O sommelier Francisco Edcarlos Lopes, ou simplesmente Edcarlos, que vem se transformando em um dos maiores especialistas em vinhos portugueses do Brasil, conquistando vários prêmios e campeonatos (o mais recente foi de vinhos do Alentejo) recomendou o arroz de cordeiro à alentejana, e logo ganhou a minha provação. Alguém na mesa lembrou do arroz de pato. E eu emendei:
- Olha, eu prefiro o arroz de cordeiro, porque eu já conheço o do Antiquarius.
- Mas o nosso é diferente, você vai gostar.

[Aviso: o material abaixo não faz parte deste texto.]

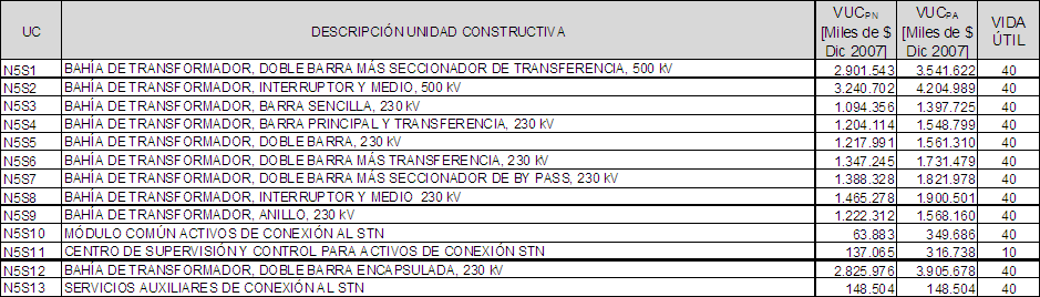 Se consideran como activos de Conexión al STN las siguientes UC: la Bahía de Transformador con tensión mayor o igual a 220 kV, el Transformador con una tensión primaria mayor o igual a 220 kV y, secundaria, cualquier tensión inferior a 220 kV, la Bahía de Transformador del lado de baja y el modulo de barraje del lado de baja.

Não foi nada compicadoconvecer a mesa a fazer um pedido duplo. Elegemos, então, os dois, em fartas porções para duas pessoas.
Amarelado pelo açafrão, úmido, mas não empapado, e com os grãos bem íntegros, no ponto exato de cozimento, tem a carne desfiada misturada a rodelas de bom chouriço, já bem douradinho, levemente tostado, com a gordura em grande parte já derretida, e descartada. Para temperar, cebola, tomate, cheiro verde, e umas azeitonas pretas (sem caroço) coroando a mistura. Que alegria. Ainda que já estivesse untuoso, ainda reguei o prato com o excelente azeite Principal, também produzido pela Premium Drinks. E umas gotas de pimenta. Fui ao delírio. Achei que é ainda mais gostoso que o do Antiquarius. Queria provar os dois juntos.
Ao lado, o arroz de cordeiro era ainda mais úmido, com uma coloração mais escura, resultado da utilização do molho do cozimento da carne, igualmente com cebola, tomate, cheiro verde, e umas azeitonas pretas (sem caroço). Desta vez, até dispensei o azeite. Mas não a pimenta. Na taça, o Terras do Pó Syrah-Petit Verdot 2009 (R$ 92), da Casa Ermelinda de Freitas, também feito por Carlos Lucas, e produzido na Península de Setúbal. Um vinho com textura, fácil de gostar, encorpado e com boa fruta, uns toques minerais e defumados, fino e macio, com um toque de ervas frescas, que tem presença, do alto de seus 14,5% de álcool.
Encerramos com um mineiro de botas, espécie de omelete, com queijo e banana, coroado com muita canela em pó. E o café.